Snails living in Maine tidal pools provide a good example of
this plasticity phenomenon. After humans accidentally introduced the
European green crab into their midst, certain periwinkles soon began
to grow thicker, harder shells to better withstand the alien
predators' crusher claws.
To learn what prompted the defense mechanism, and
how quickly it happened, a researcher at Northeastern University
placed snails in a tank with green crabs, separating the creatures by
a flow-through barrier. It turned out that the snails could detect the
crabs' presence in the water — "smell" them, as it were — and so
produced thicker shells in as little as three months in response to
the risk.
"And when the snails grow in less crabby water,
their shells are thinner," Kinnison says.
But not all changes are phenotypic plasticity.
Classic evolution by natural selection is at work in many populations
affected by humans.
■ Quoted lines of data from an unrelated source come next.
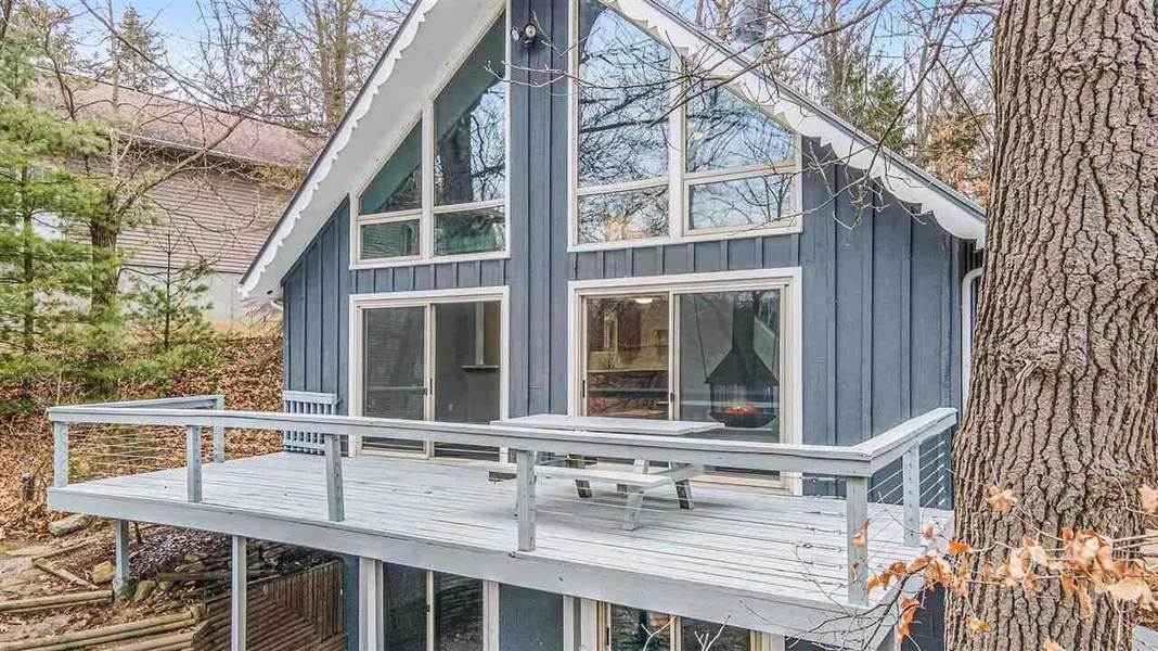 Stunning Mid-Century Modern Lakefront Cottage is an absolute must see! Charm, Character & Love shows throughout, update & feature. You'll love this fabulous, light-filled home set in the treetops of an ultra-low maintenance large lot with spectacular views of Mirror Lake from the master-bedroom, living room, oversized deck, & walk-out lower level. Almost 2,000 sq ft w/open floor plan, kitchen, dining area, living room all boasting beautiful natural hardwood floors, 1st floor bedroom & full bathroom. Spa inspired bathroom showcases a live edge black walnut slab & vessel sink, glass shower & deep-soaking tub. Lakeside patio & dock are great for bonfires or boarding your boat onto this peaceful all sports lake. Less than 30 min to downtown Jackson & under 1hr to Toledo, Lansing, or Ann Arbor
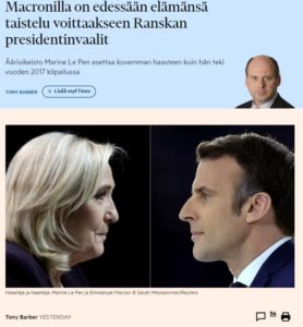 Macron saa lohtua siitä, että hänen ensimmäisen kierroksen johtonsa Le Peniin oli exit polls -kyselyjen mukaan suurempi kuin hän onnistui vuonna 2017. Lisäksi mikään mielipidemittaus ei ole osoittanut, että Le…
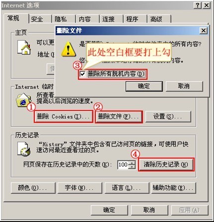 3、之后勾选“删除所有脱机内容”再点“确定”。删除后返回“Internet选项”窗口。
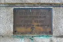 Marconi Plaza is an urban park square located in South Philadelphia, Philadelphia, Pennsylvania, United States. The plaza was named to recognize the 20th-century cultural identity in Philadelphia of the surrounding Italian-American enclave neighborhood and became the designation location of the annual Columbus Day Parade.
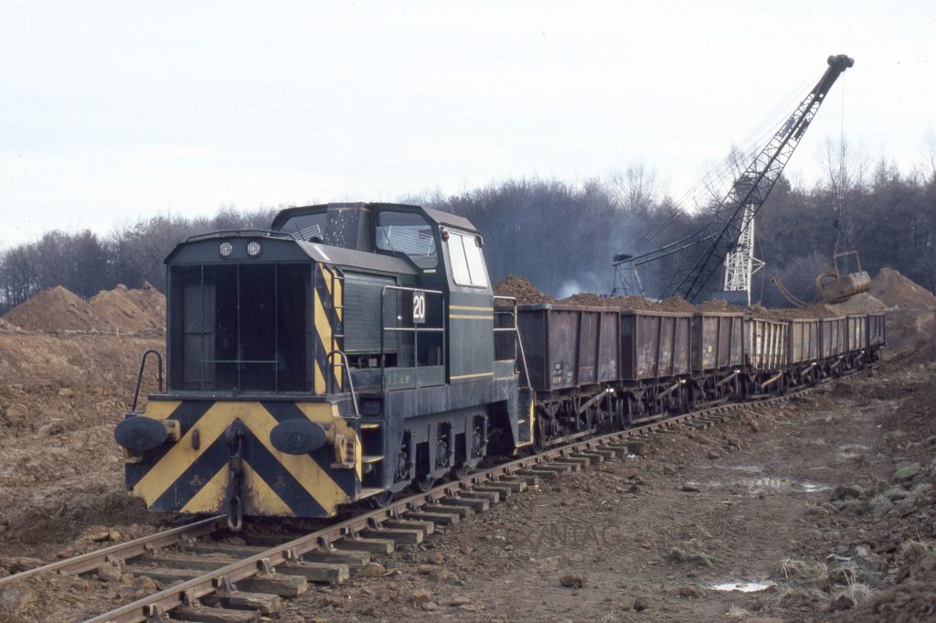 A Rolls Royce Shrewsbury built standard gauge 6-wheel diesel-hydraulic Steelman loco, No 20 built in 1968, was spotted in the Glendon pit in 1979. Photo courtesy of NIAG
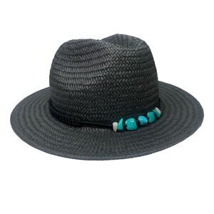 Kendra Scott Lincoln Cattleman Straw Stone Hat - Black / Turquoise
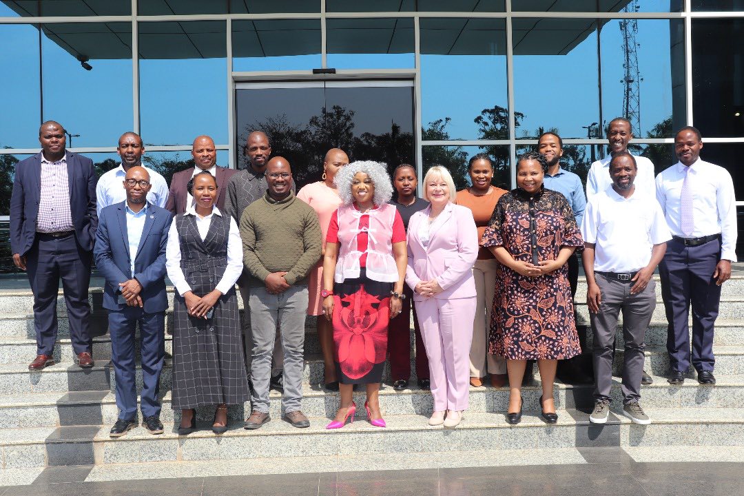 Officials from the Ministry of Information, Communications and Technology’s RSTI department pose for a group photo with learners and teachers at Mpaka High School after concluding the first cohort of the National STEM Mentorship and Science in Uniform Back to School Campaign.

In the Rocky Mountains, researchers studying
bighorn sheep have found that horn size in some populations has
diminished over time as a result of selective hunting pressures.
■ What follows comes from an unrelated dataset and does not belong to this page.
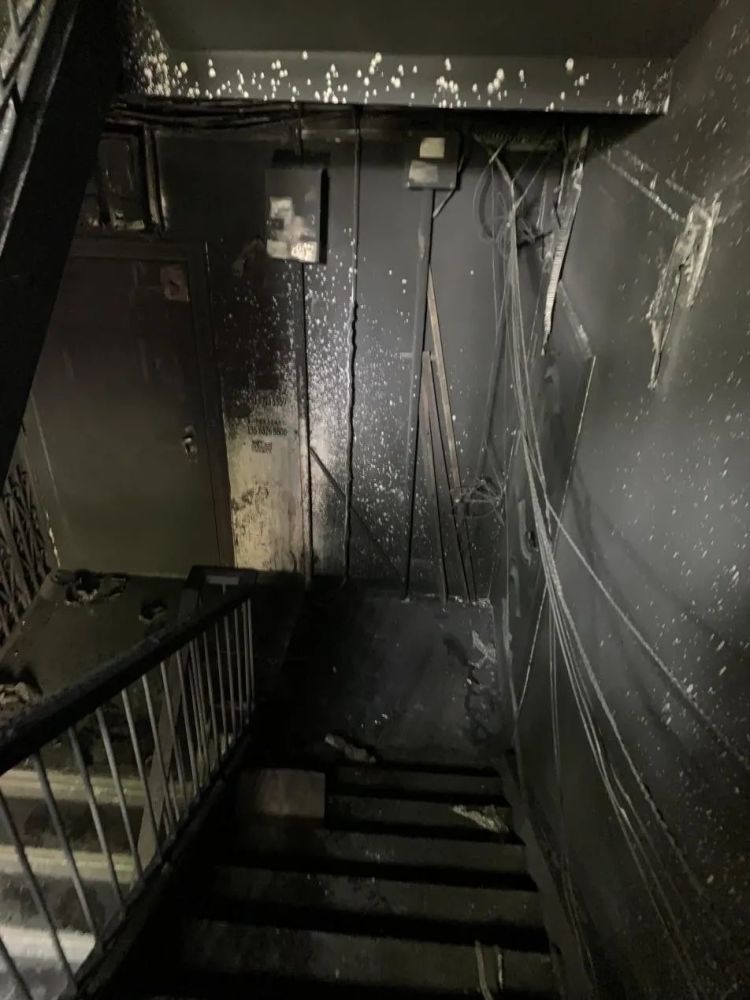 又过了一阵,听到了敲门声,我小心翼翼开了门,发现已经能看清下楼的路了。此时我还顾虑了一秒,想着自己的花花睡衣是不是太短了。算了命要紧,我还是赶紧下楼吧。被烧过的楼梯像饼干一样酥脆,走过之处都在掉渣,整个楼道被熏得漆黑,楼层间的窗户和窗框都被烧化了,完全不是平日熟悉的样子。

Because most jurisdictions specify that only rams with certain size
horns can be shot, sheep with the biggest curled racks have been
culled in some locations, leaving only smaller-horned animals to pass
on their genes.
"So the changes we cause are not always to our
advantage," says Kinnison. "Who wants to hunt small-horned bighorn
sheep?"
Closer to home, as the fishing industry eventually
depleted the cod populations, selection favored fish that started
reproducing younger and smaller because those fish had better chances
of reproducing before being netted. Unfortunately, the evolution of
these smaller fish may not only have reduced their economic value, it
may have also hastened the stock declines because those fish produce
fewer offspring.
"Even though cod fishing has stopped, the fish are
still smaller now and we may have to wait some time for them to get
bigger," says Kinnison. "Natural selection favoring bigger fish might
not be as strong as human selection was for smaller sizes."
Kinnison thinks his work provides compelling support for
considering more than just outright extinction when assessing human
effects on biodiversity. We need to consider how humans have changed
many of the organisms that persist, and whether those changes will be
sustainable, he says, which may be some of the toughest questions
facing evolutionary and conservation biologists.
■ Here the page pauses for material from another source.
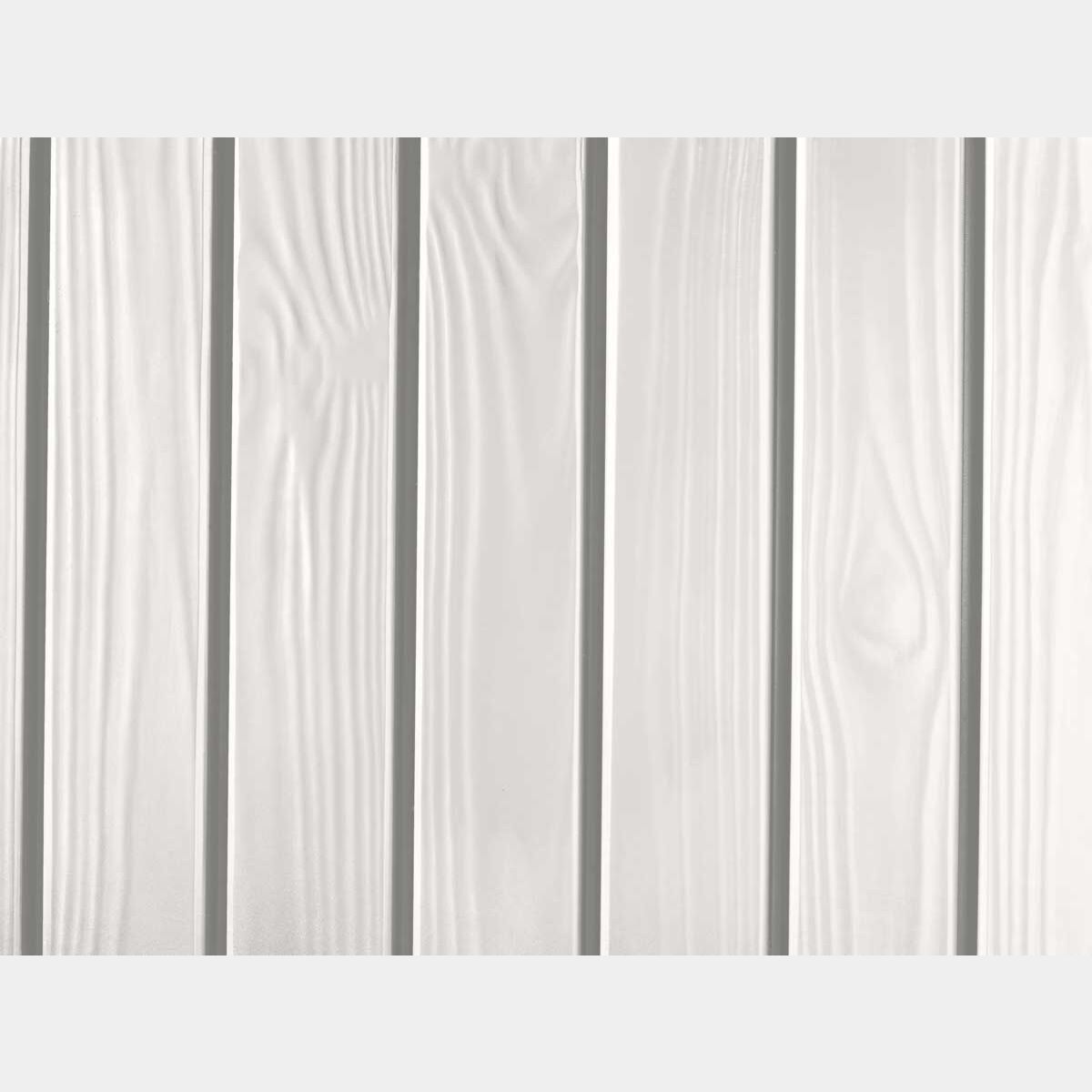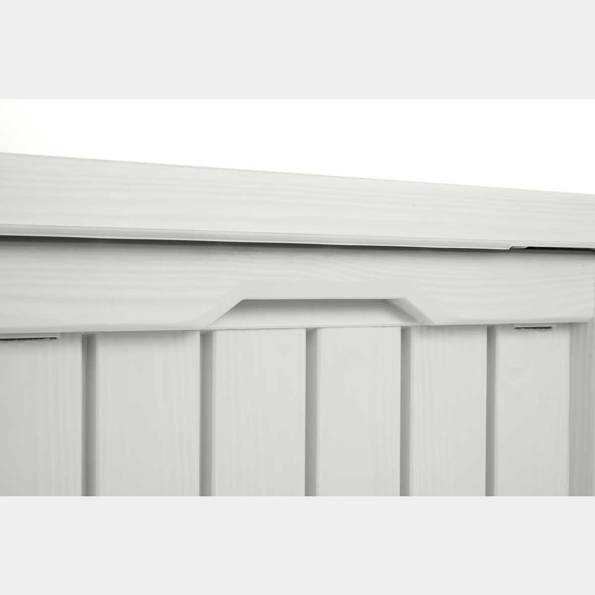 Il moderno baule da piscina è realizzato in resina con una finitura effetto legno color bianco.

"On the positive side, many animals seem to show
more ability to change in response to human disturbances than many
people might have suspected," he says. "The downside is that we might
not always like those changes and they might not be sufficient to keep
up with humans in the long run. Phenotypic plasticity and evolution
might only go so far."
And if certain animals are dying out because
they're too slow to adapt, do researchers wind up measuring only the
winners who have managed to keep up with the hurtling pace set by
humans?
"We also have to wonder whether those winners can
keep up much longer," he says.
Kinnison will be exploring those kinds of
questions this spring, as part of a National Center for Ecological
Analysis and Synthesis panel charged with predicting responses of
salmon and other organisms to climate change.
He will also soon revisit the jungles of Trinidad
to continue his work on guppies. This time, however, he will be part
of an interdisciplinary scientific effort designed to explore the
dynamic interactions of contemporary evolution and ecology in the
wild.
The five-year, $5 million project, funded by the
National Science Foundation's Frontiers in Integrative Biological
Research, brings together experts from 12 universities worldwide to
study how environmental changes can cause guppy populations to quickly
evolve, and how that evolution can affect population growth, species
interactions and even energy flow in an aquatic environment.
"In the past, evolution was largely ignored in
ecological studies because it was thought to be too slow," says
Kinnison. "We now know better, and this research team may uncover
evidence leading to a new merger of these fields."